«Совок» вспоминает свою жизнь - Кара-Мурза Сергей Георгиевич (книги регистрация онлайн бесплатно .txt) 📗
Со своей бригадой Саша был нарочито суров. Требовал соблюдать технику безопасности, угрожал:
— Соцстраха у нас нет. Проткнешь ногу гвоздем или прорежешь руку пилой — бери билет и уезжай. Бюллетень тебе никто не оплатит.
Сам он поздней осенью поскользнулся на высокой крыше и упал с высоты десять метров. Сверху на него рухнул Ростик и сломал ему тазобедренный сустав. Следом прилетел лист железа, который был у Ростика в руках, и рассек Саше плечо. Так что он до весны пролежал в гипсе. Но это я узнал лишь на будущий год, когда он заехал повидаться.
В своем деле Саша был настоящим мастером и от всей души старался научить других всему, что знал сам. Успехами своих рабочих гордился больше, чем своей ловкостью предпринимателя. Он признавал, что они уже могли работать сами, но им противно было вести дела с клиентами и считать деньги. Тут нужна была иная хватка.

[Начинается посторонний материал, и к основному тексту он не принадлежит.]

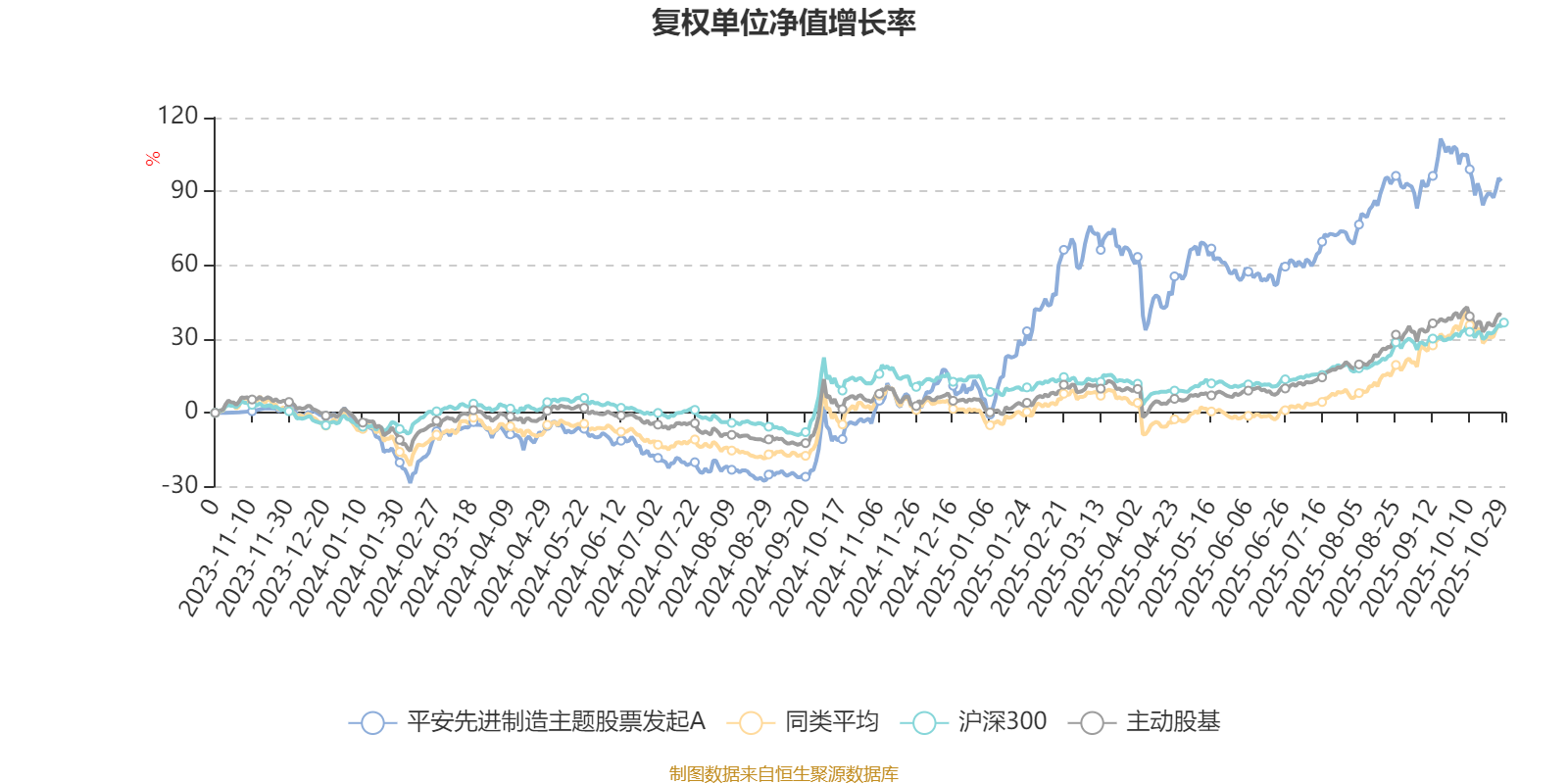 截至10月28日,平安先进制造主题股票发起A近三个月复权单位净值增长率为11.78%,位于同类可比基金33/39;近半年复权单位净值增长率为25.89%,位于同类可比基金30/39;近一年复权单位净值增长率为99.10%,位于同类可比基金1/38。

Стали они делать дом красивой и сложной архитектуры новому застройщику — снабженцу того завода, что содержал футбольную команду. Прибыли дорогие материалы, начали дело споро. Вдруг — остановка. Оказался клиент на мели, поставки прекратились. Саша помрачнел — борщ ребята едят как обычно, зарплата им тоже идет независимо от работы. Ребята, наоборот, повеселели. Утром на речку, потом растянутся у меня на солнечном месте. Смех, философские беседы, Коля-художник даже просил меня купить ему в Москве краски, хотел писать пейзаж. Тут уж антагонизм интересов труда и капитала выявился наглядно.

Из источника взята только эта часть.